Singapore core inflation rises more than expected to 3.6% in February

Consumer prices shot up in February on the back of higher services and food inflation partly linked to Chinese New Year spending. PHOTO: ST FILE

SINGAPORE - Consumer prices in February shot up more than expected on the back of higher services and food inflation partly linked to Chinese New Year spending.

Official data released on March 25 showed that core inflation, which excludes private transport and accommodation costs to better reflect the expenses of households here, rose to 3.6 per cent year on year in February, up from January’s 3.1 per cent.

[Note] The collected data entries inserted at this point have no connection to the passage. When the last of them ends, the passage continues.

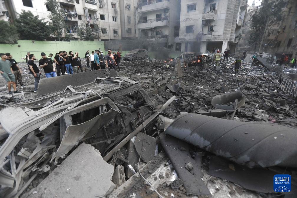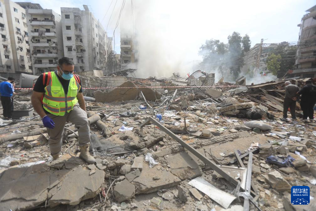这是3月28日在黎巴嫩贝鲁特南郊拍摄的被以军袭击摧毁的建筑。
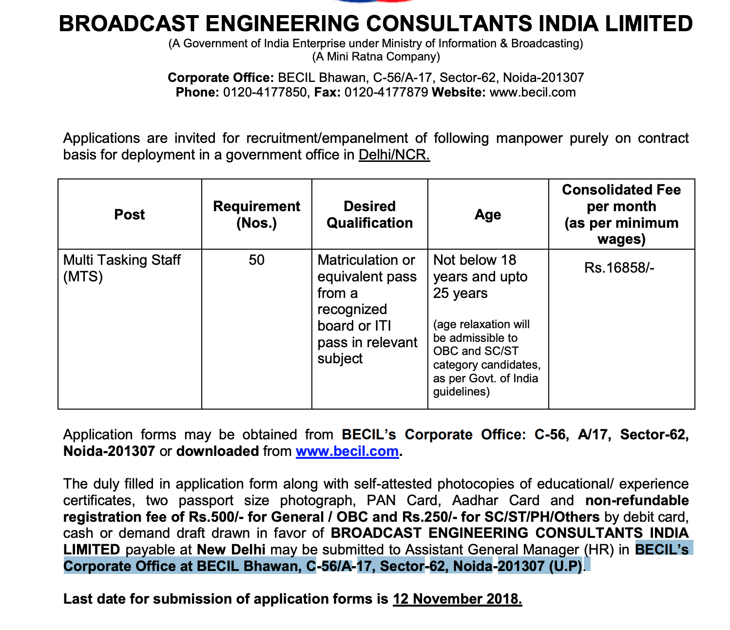 പത്താം ക്ലാസ് പാസായവർക്ക് ഗവർമെന്റ് കമ്പനി ആയ BROADCAST ENGINEERING CONSULTANTS INDIA LIMITED ൽ കോൺട്രാക്ട് ബേസിൽ തൊഴിൽ അവസരങ്ങൾ.Multi Tasking Staff (MTS) എന്ന പൊസിഷനിൽ ആണ് തൊഴിൽ അവസരങ്ങൾ.കൂടുതൽ വിവരങ്ങൾ താഴെ നൽകുന്നു.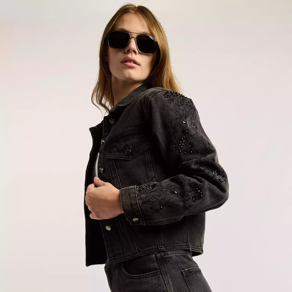 Diseño de flores bordadas y strass acompañando en las mangas.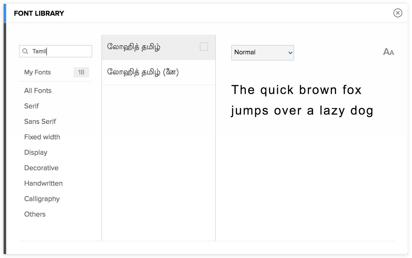 Libraryの検索機能を利用して、特定の言語をサポートするフォントを見つけます。行うには+フォントを追加するボタンをクリックし、Libraryにナビゲートし、検索ボックスに希望する言語を入力します。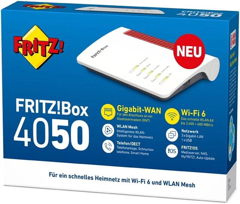 Die FRITZ!Box 4050 für Wi-Fi 6 (WLAN AX) eignet sich für den Anschluss an ein bereits vorhandenes Glasfaser- , Kabel- oder DSL-Modem. Mit bis zu 2.400 MBit/s (5 GHz) und 600 MBit/s (2,4 GHz) bietet sie eine schnelle Internetverbindung für ein rasantes Heimnetzwerk. Die FRITZ!Box 4050 bewältigt mühelos mehrere parallele 4K-Streams, Video-Chats, Downloads und Cloud-Anwendungen. Sie verfügt über einen Gigabit-WAN-Anschluss, 3 Gigabit-LAN-Anschlüsse, USB und über eine VoIP-Telefonanlage mit DECT-Basisstation. Zusätzlich bietet sie einen Anschluss für ein analoges Telefon. Durch ihre kompakte Bauweise und ihren geringen Energiebedarf ist die FRITZ!Box 4050 für den Einstieg in ein modernes vernetztes Zuhause prädestiniert.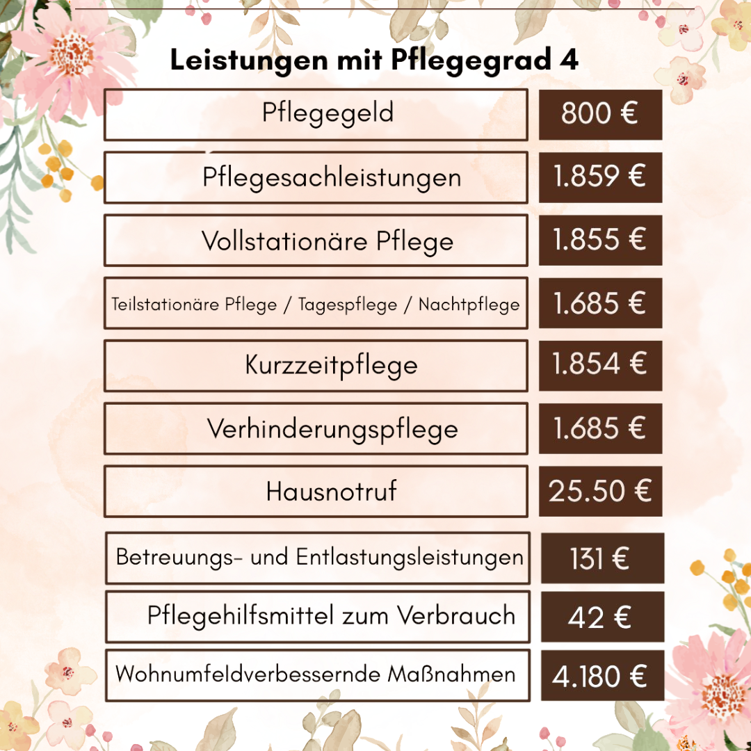 Um die aufwendige Pflege zu finanzieren, stellt die Pflegekasse bei Pflegegrad 4 deutlich erhöhte Budgets bereit: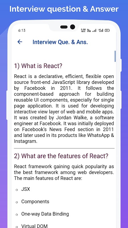Aprenda React sin conexión en cualquier momento y en cualquier lugar con muchos ejemplos y preguntas y respuestas de entrevistas.

This was the highest reading for core inflation since July 2023.

Overall or headline inflation also jumped to 3.4 per cent in February from 2.9 per cent in January, on the back of a pickup in accommodation inflation.

As Chinese New Year fell in February in 2024 but in January in 2023, year-on-year inflation in February was boosted by seasonal factors associated with the festivities, the Ministry of Trade and Industry (MTI) and the Monetary Authority of Singapore (MAS) said in their joint report.

Still, the rise in February’s core and overall consumer prices beat analyst forecasts. A Reuters survey of economists had tipped core inflation to come in at 3.4 per cent and overall inflation at 3.3 per cent.

Oxford Economics senior economist Alex Holmes said the increases are much higher than expected, but noted that there are a few caveats to the trend.

“Much of the rise appears to be seasonal, perhaps related to the shifting timing of Chinese New Year. Seasonally adjusted adjusted data shows much more modest month-on-month upticks for both headline (up 0.04 per cent) and core consumer price index (up 0.3 per cent),” he said.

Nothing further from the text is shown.